The property expert seemed nice enough, and she was a saint for dealing with the opinionated buyer, but halfway through the show, she said something that stopped me cold. She had just shown the buyer a home that was brand new and had everything the buyer wanted. The problem? It was $40,000 more than the buyer wanted to pay.
The ensuing conversation went something like this. These aren’t exact quotes, but you’ll get the idea.



Expert: The price on this property is $240,000.



Buyer: What? I definitely can’t afford that!



Expert: That’s about $1700 a month, not including insurance and HOA fees.



Buyer: The insurance and HOA fees are extra? I really can’t afford that. This is what I want, but I’m not paying that price.



Expert: Well, there is another option. We can do a 35 year loan and bring your payments down to $1500 a month.



Buyer: That’s just so much money! I can’t take on that much debt! (I was cheering for her at this point).




Expert, talking privately to the camera: She’s only thinking about the big number here. She can easily afford the monthly payment. That’s what she should be looking at… Whether or not she can afford the monthly payment."
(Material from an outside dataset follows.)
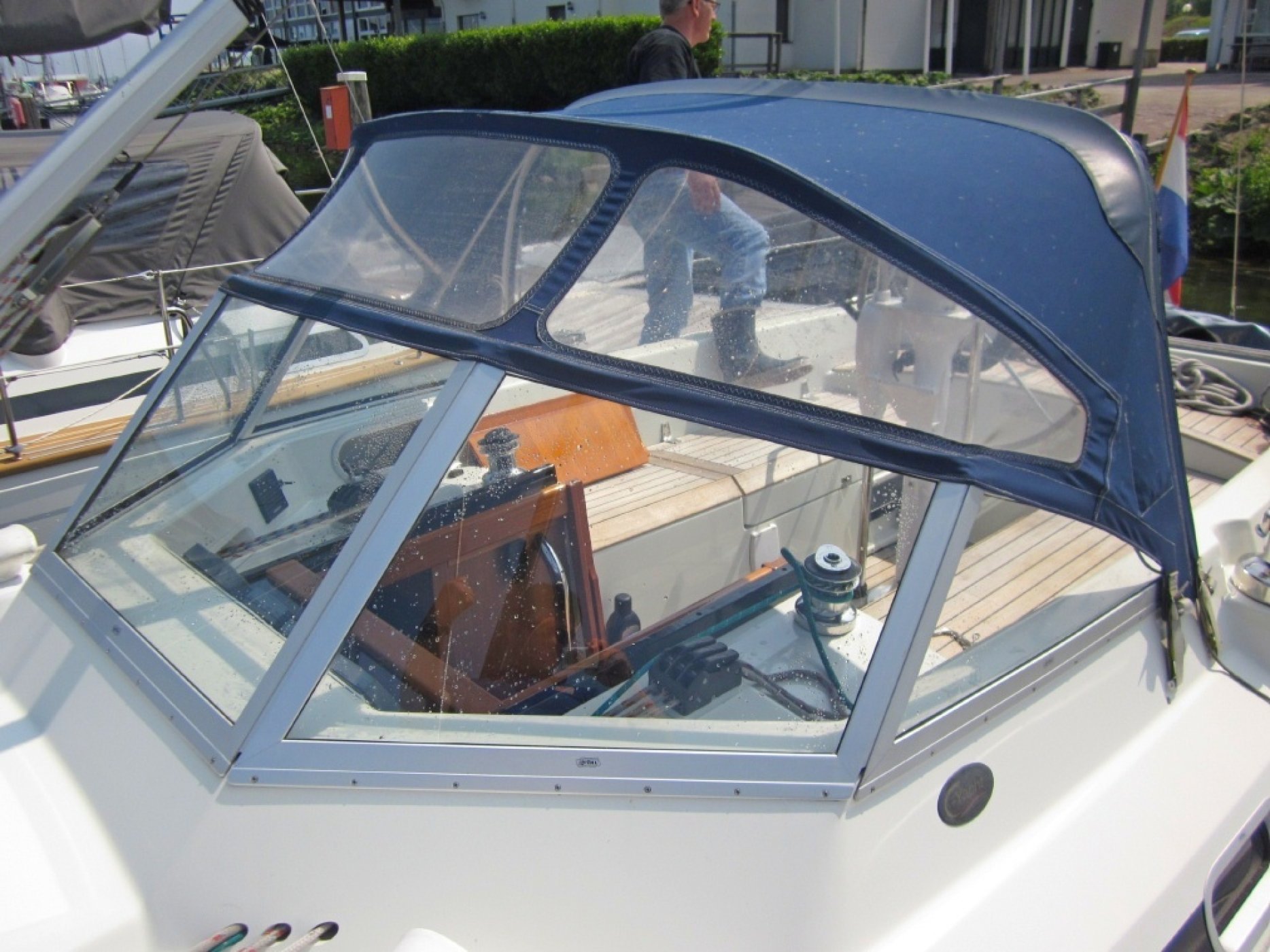 Met vast windscherm en RVS frame en kuipentent met RVS frame

The writer of this post, Lynae from Being Frugal, is absolutely right to be horrified. Most of my first time buyers aren't looking anywhere near the price range described above and even then, I know that as little as $5,000 or $10,000 can put them over the edge. If you're working with a buyer's agent (and hopefully you are) and you feel your agent is pushing you to view or buy properties that are out of your financial comfort zone, you might want to first confront your agent. Be very clear about how much you have been approved for by your lender and/or what you are comfortable borrowing. Just because you qualify for $200,000 doesn't mean you have to buy that much house on your first time out. If, after talking to your agent, you feel like you are still not being heard, it may be time to find a new agent.




And what about "only thinking about the big number"? What else are you supposed to think about? That's why they call it the bottom line, fool. It is absolutely essential to consider HOA fees and property taxes when calculating the monthly payment for a property.




Take property tax. In Knoxville, for example, if your new $100,000 home is only in the county, and you're taxes are roughly $600 per year, that's $50 per month added to your payment. But if your home is in the city as well as the county, you're going to have roughly double that amount, meaning you're going to be adding roughly $100 per month to your payment.




HOA fees , especially for condos, vary widely in our area and what you get for that money also varies widely. I've recently been looking in the $100,000 range with the above-mentioned first time buyer, and HOA fees for those properties range from $50 per month to almost $200 per month. Paying an extra $200 per month, in addition to the property taxes, on a $100,000 home is a pretty big pill to swallow.




As I've said before, a home is one of the biggest investments of your life, so ask as many questions as you need to up front. And educate yourself. The rest of Lynae's post brings up some very good points for first-time homebuyers to ponder before they buy.




As for me, I'm going to continue to watch all of my CSI-like forensics shows after work and let all the forensics people watch the home buying shows.